I know this is an old post, but I've had a similar situation and was wondering what everyone thought.

My power meter batteries died on a Saturday ride. I went home and replaced them. On Sunday, my watts seemed higher for the effort I was putting out.

When coasting my watts were zero. I realize that the zero could actually be negative, but it doesn't seem like that would contribute to my power readings being higher...maybe lower, but not higher. 

I did not "recalibrate" before the Sunday ride, so maybe that was the issue.

Thoughts?


----------



## Alex_Simmons/RST

You can't set the calibration of a Powertap, you can only check its calibration (you can set the calibration of an SRM and a Quarq Cinqo). 

Calibration is validation that the power meter is accurate and involves knowing that the torque values it is reading match actual torque being applied - at zero and at other torque values (this is what we call the "slope"). 

Setting the zero point is one thing, but no good if the meter's slope is wrong - e.g. it reads zero when no torque is applied however it registers 100N-m when only 90N-m are actually being applied.

You can manually check and set the torque zero, and you can also set it to perform an auto zero check and reset when the hub recognises it is coasting for a while. Auto zero will only work if the torque zero is out by a little bit, if it is out by a lot, the auto zero doesn't work.

Always perform a manual torque zero first before each ride, then allow auto zero to look after things from there.


----------



## Creakyknees

Alex_Simmons/RST said:


> You can't set the calibration of a Powertap, you can only check its calibration (you can set the calibration of an SRM and a Quarq Cinqo).
> 
> Calibration is validation that the power meter is accurate and involves knowing that the torque values it is reading match actual torque being applied - at zero and at other torque values (this is what we call the "slope").
> 
> Setting the zero point is one thing, but no good if the meter's slope is wrong - e.g. it reads zero when no torque is applied however it registers 100N-m when only 90N-m are actually being applied.
> 
> You can manually check and set the torque zero, and you can also set it to perform an auto zero check and reset when the hub recognises it is coasting for a while. Auto zero will only work if the torque zero is out by a little bit, if it is out by a lot, the auto zero doesn't work.
> 
> Always perform a manual torque zero first before each ride, then allow auto zero to look after things from there.

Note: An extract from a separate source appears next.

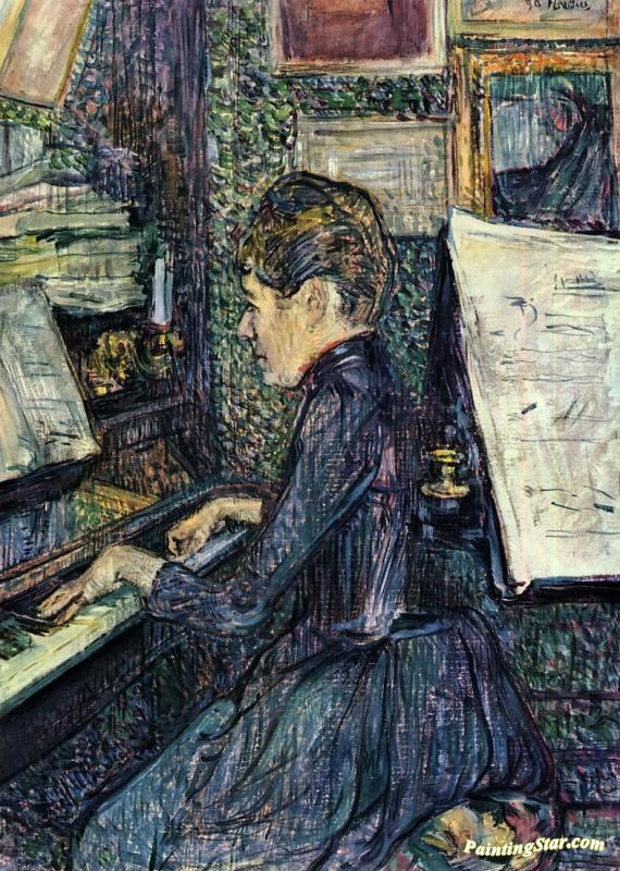 Mille. Dihau Playing The Piano, Art Painting by Henri de Toulouse-Lautrec

These look like English words to me but I have no idea what you are talking about.


----------



## Alex_Simmons/RST

Creakyknees said:


> These look like English words to me but I have no idea what you are talking about.


Well if you don't use a power meter, then I suppose I can understand that.

But an analogy:

Consider Bathroom scales.

When you are not standing on the scales - do they read zero lbs? 
That's the same as checking the torque of a power meter reads zero when you are not putting any pressure on the cranks.

When you know the scales read zero OK, but if you place a 100lb weight on them but they only read 90lbs, then that's the same as the power meter calibration (slope) being wrong.

IOW for bathroom scales (or a power meter) to be accurate, it needs both the zero and the slope calibration to be correct.


----------



## jspharmd

Alex_Simmons/RST said:


> You can't set the calibration of a Powertap, you can only check its calibration (you can set the calibration of an SRM and a Quarq Cinqo).
> 
> Calibration is validation that the power meter is accurate and involves knowing that the torque values it is reading match actual torque being applied - at zero and at other torque values (this is what we call the "slope").
> 
> Setting the zero point is one thing, but no good if the meter's slope is wrong - e.g. it reads zero when no torque is applied however it registers 100N-m when only 90N-m are actually being applied.
> 
> You can manually check and set the torque zero, and you can also set it to perform an auto zero check and reset when the hub recognises it is coasting for a while. Auto zero will only work if the torque zero is out by a little bit, if it is out by a lot, the auto zero doesn't work.
> 
> Always perform a manual torque zero first before each ride, then allow auto zero to look after things from there.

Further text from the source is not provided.